## Data for processing

Segment Open

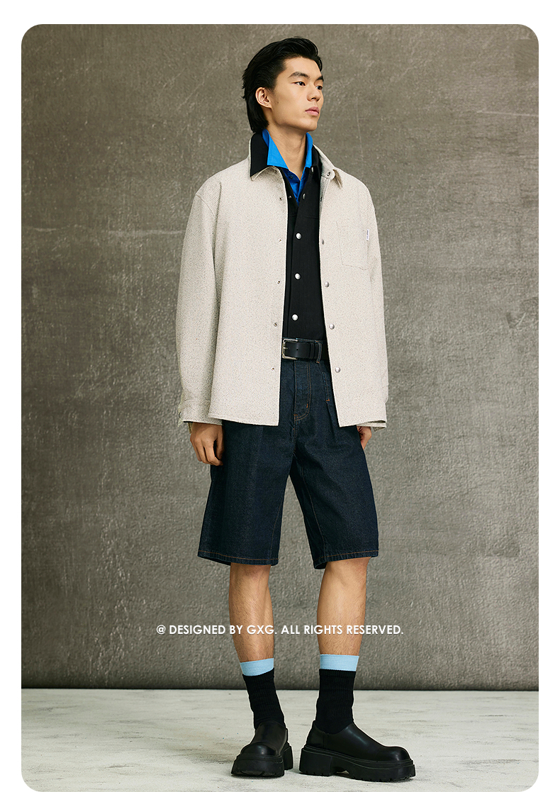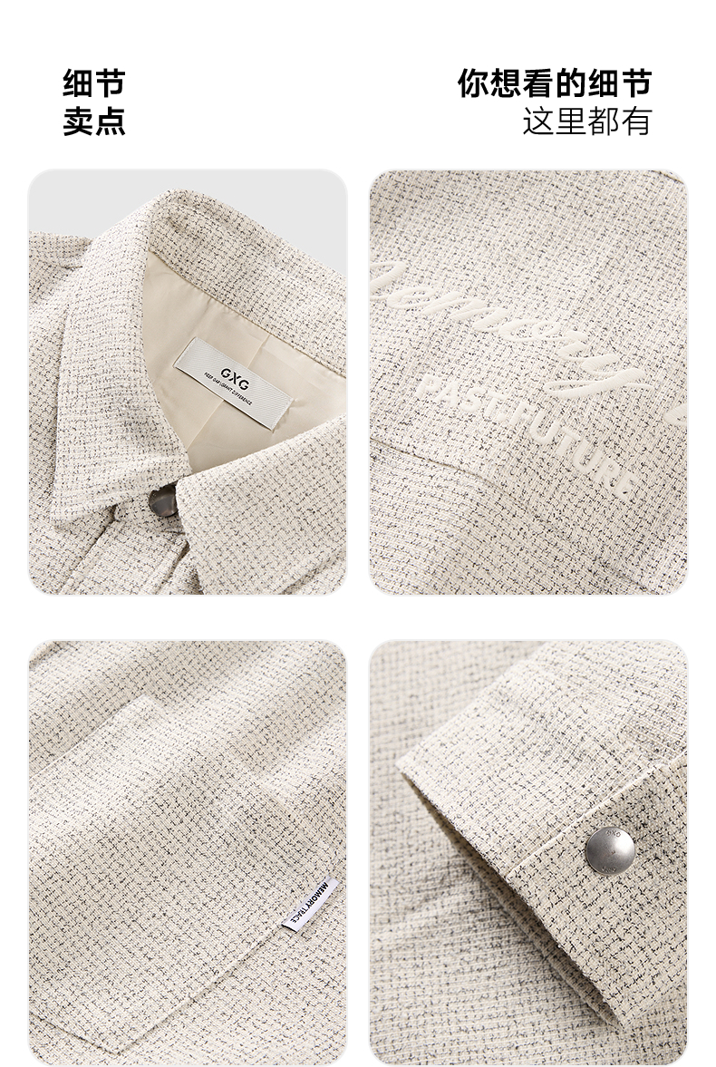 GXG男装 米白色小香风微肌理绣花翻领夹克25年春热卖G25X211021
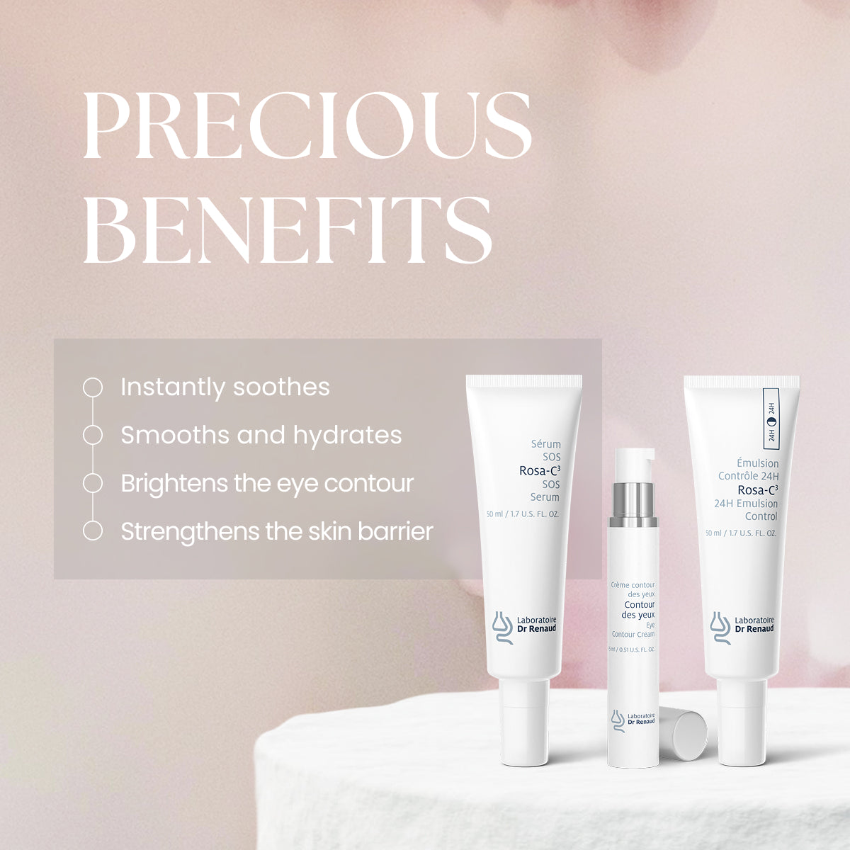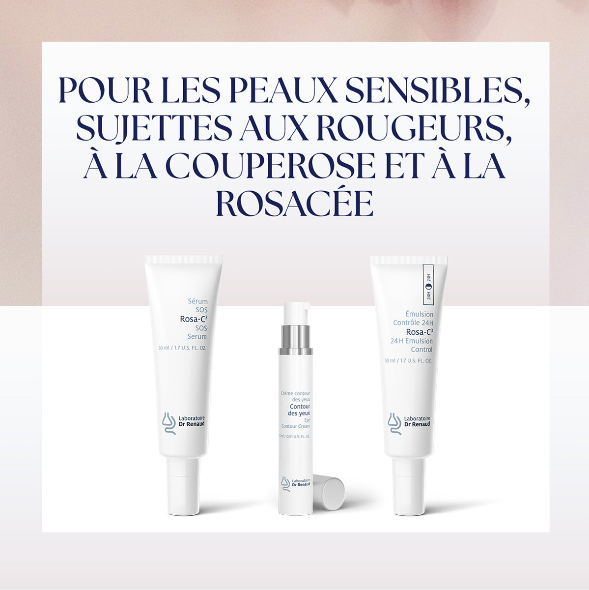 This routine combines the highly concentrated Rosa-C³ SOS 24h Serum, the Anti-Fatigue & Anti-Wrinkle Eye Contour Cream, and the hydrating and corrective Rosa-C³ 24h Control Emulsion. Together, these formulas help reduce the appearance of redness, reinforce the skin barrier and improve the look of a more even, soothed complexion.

Segment Closed
Segment Open

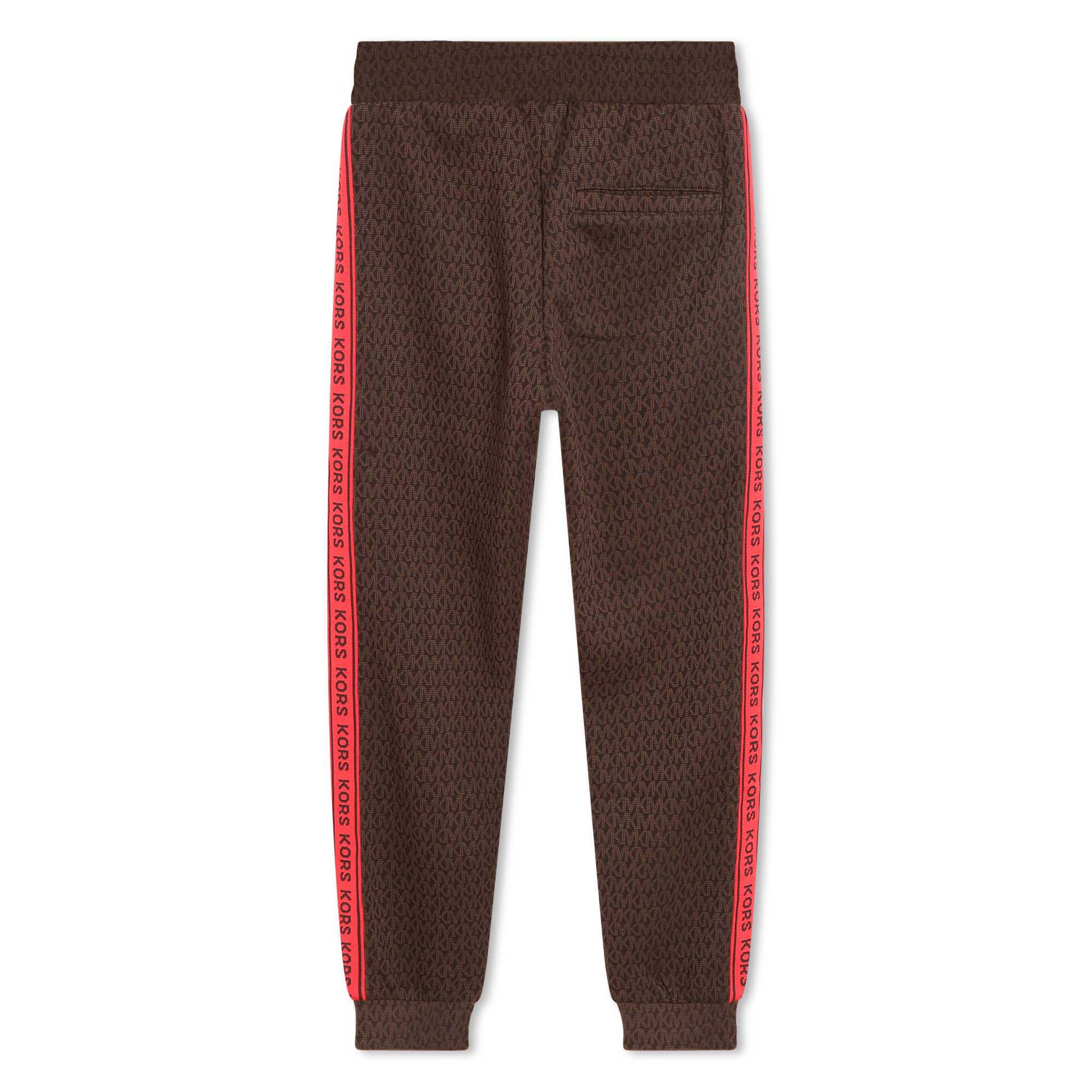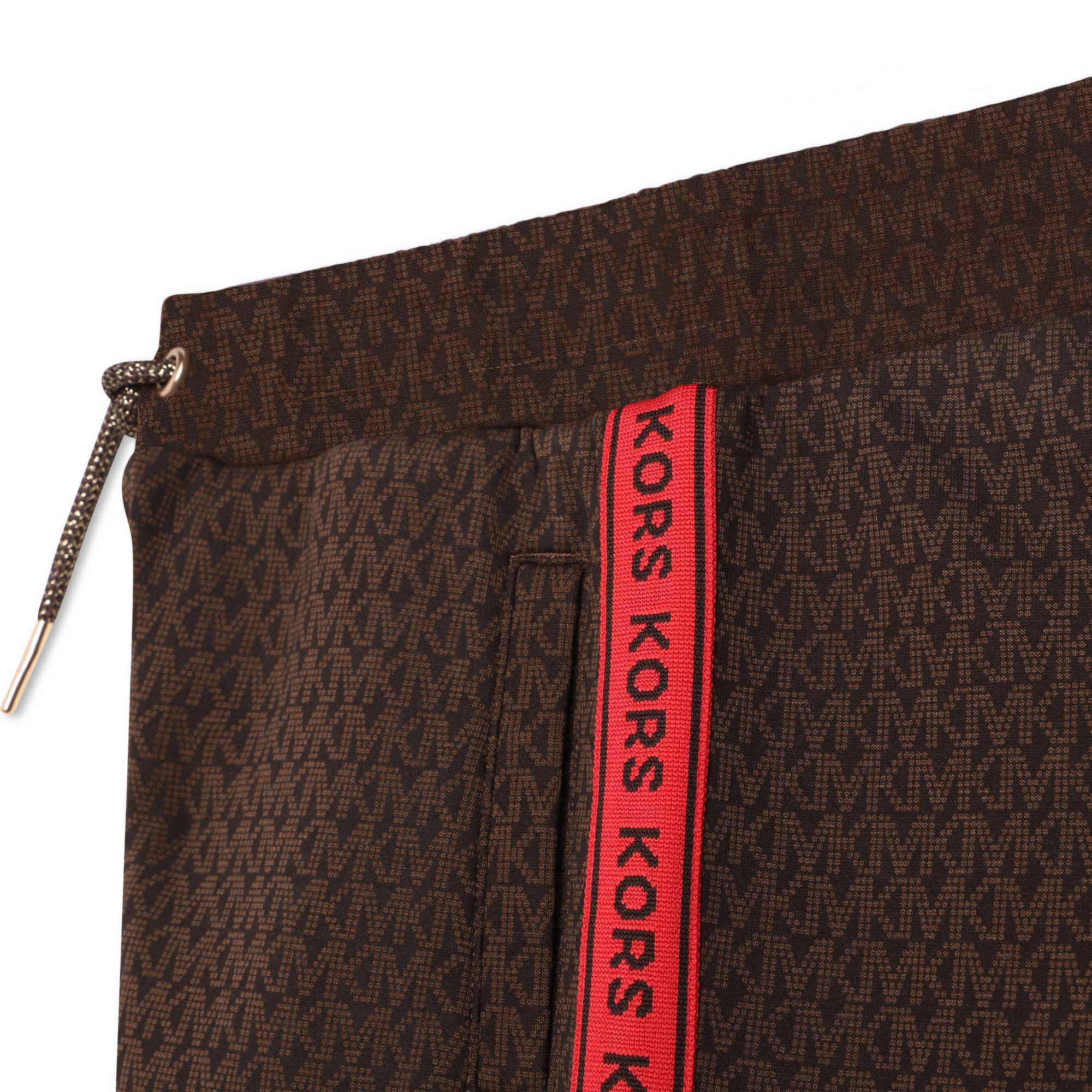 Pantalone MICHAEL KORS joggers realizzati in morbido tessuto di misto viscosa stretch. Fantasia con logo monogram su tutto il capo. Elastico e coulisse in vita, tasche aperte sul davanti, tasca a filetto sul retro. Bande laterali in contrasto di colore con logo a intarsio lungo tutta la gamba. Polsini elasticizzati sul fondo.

Segment Closed
Segment Open

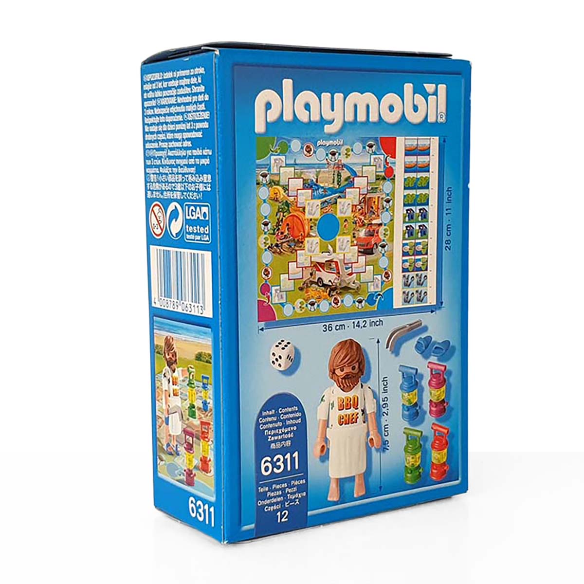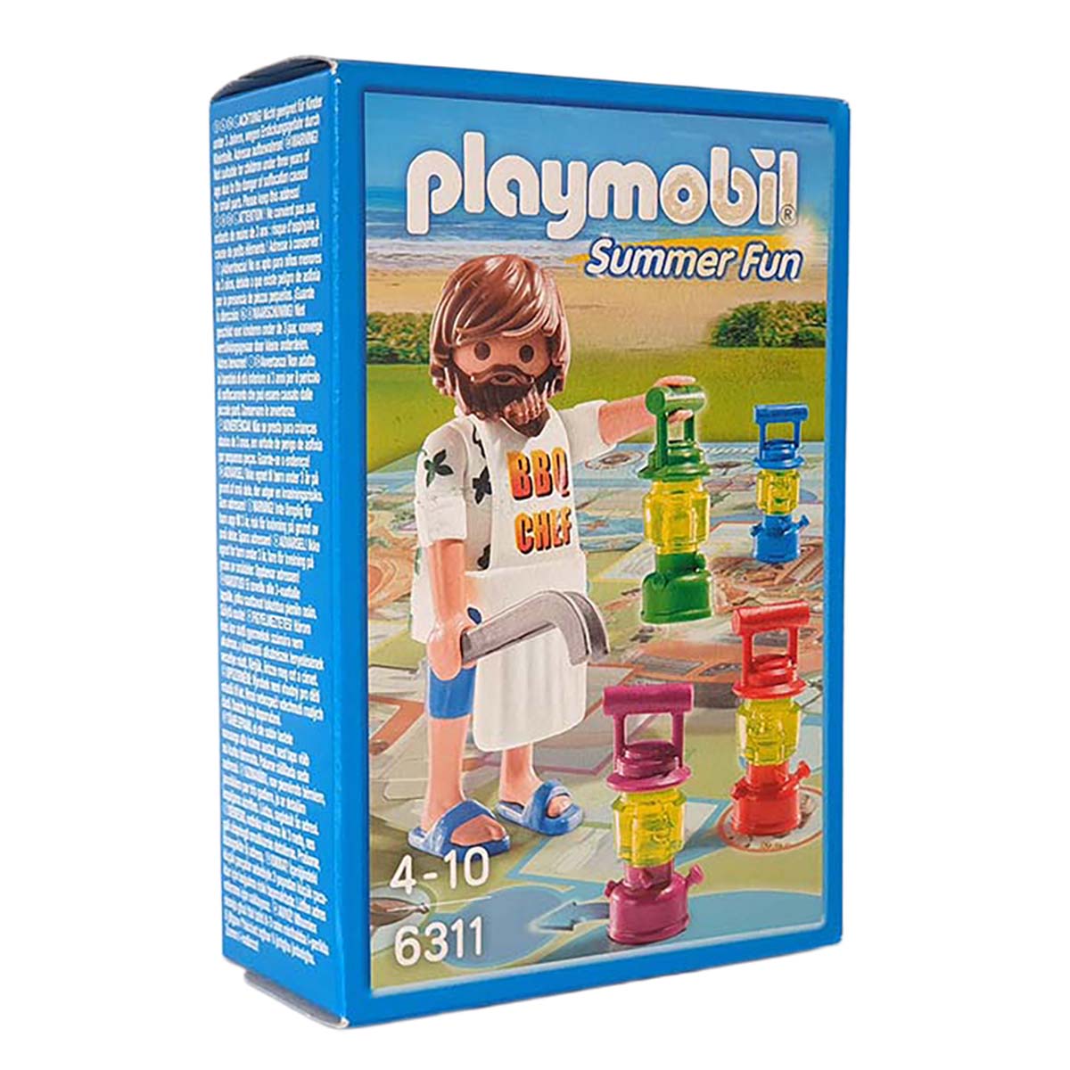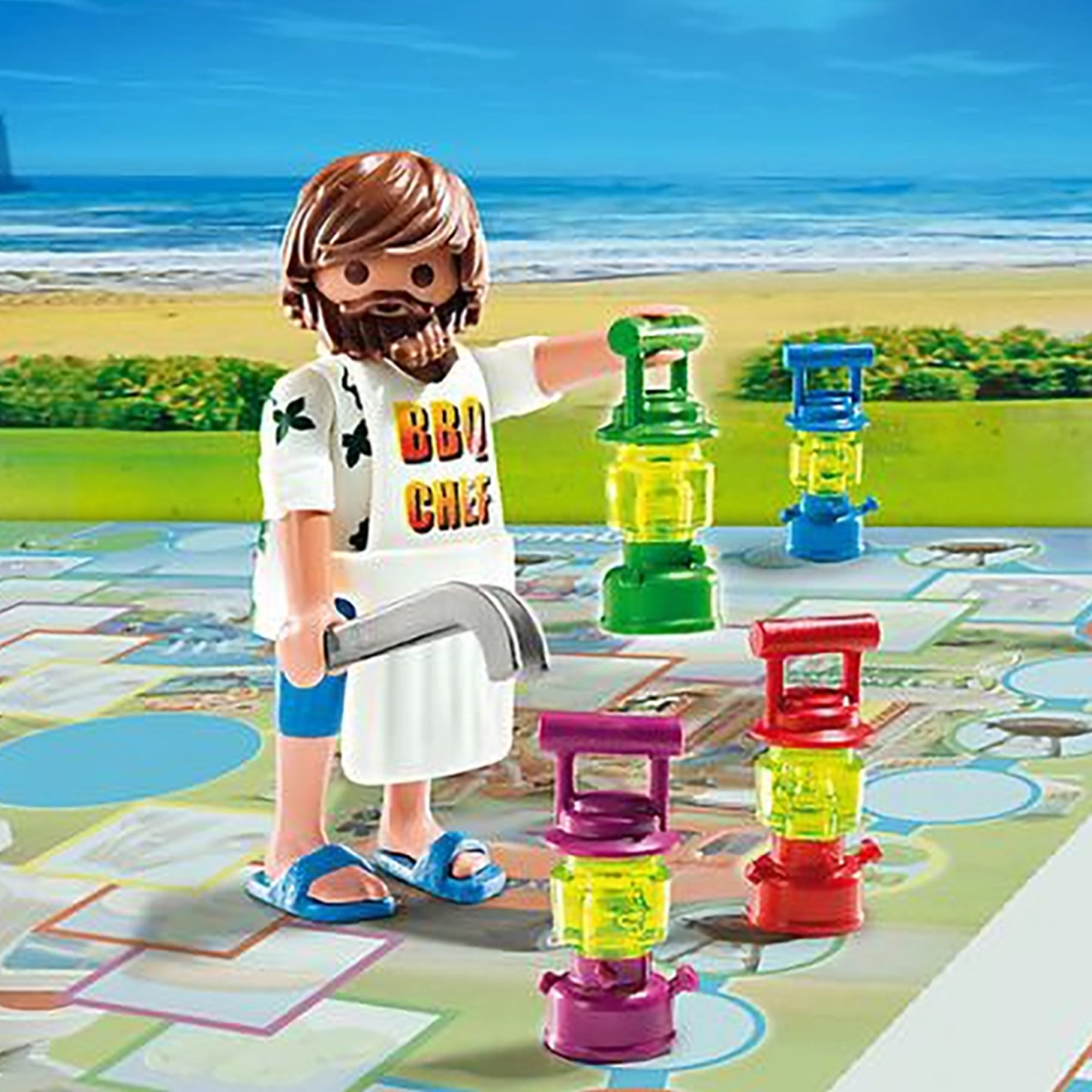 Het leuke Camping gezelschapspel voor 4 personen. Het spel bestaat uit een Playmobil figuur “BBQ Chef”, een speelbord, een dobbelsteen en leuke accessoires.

Segment Closed

When you reach the line containing "GXG男装 米白色小香风微肌理绣花翻领夹克25年春热卖G25X211021" in the entries above, begin restating word for word, and stop once the line containing "This routine combines" has been given. Omit the pictures.

## Solution to the exercise
 GXG男装 米白色小香风微肌理绣花翻领夹克25年春热卖G25X211021
 This routine combines the highly concentrated Rosa-C³ SOS 24h Serum, the Anti-Fatigue & Anti-Wrinkle Eye Contour Cream, and the hydrating and corrective Rosa-C³ 24h Control Emulsion. Together, these formulas help reduce the appearance of redness, reinforce the skin barrier and improve the look of a more even, soothed complexion.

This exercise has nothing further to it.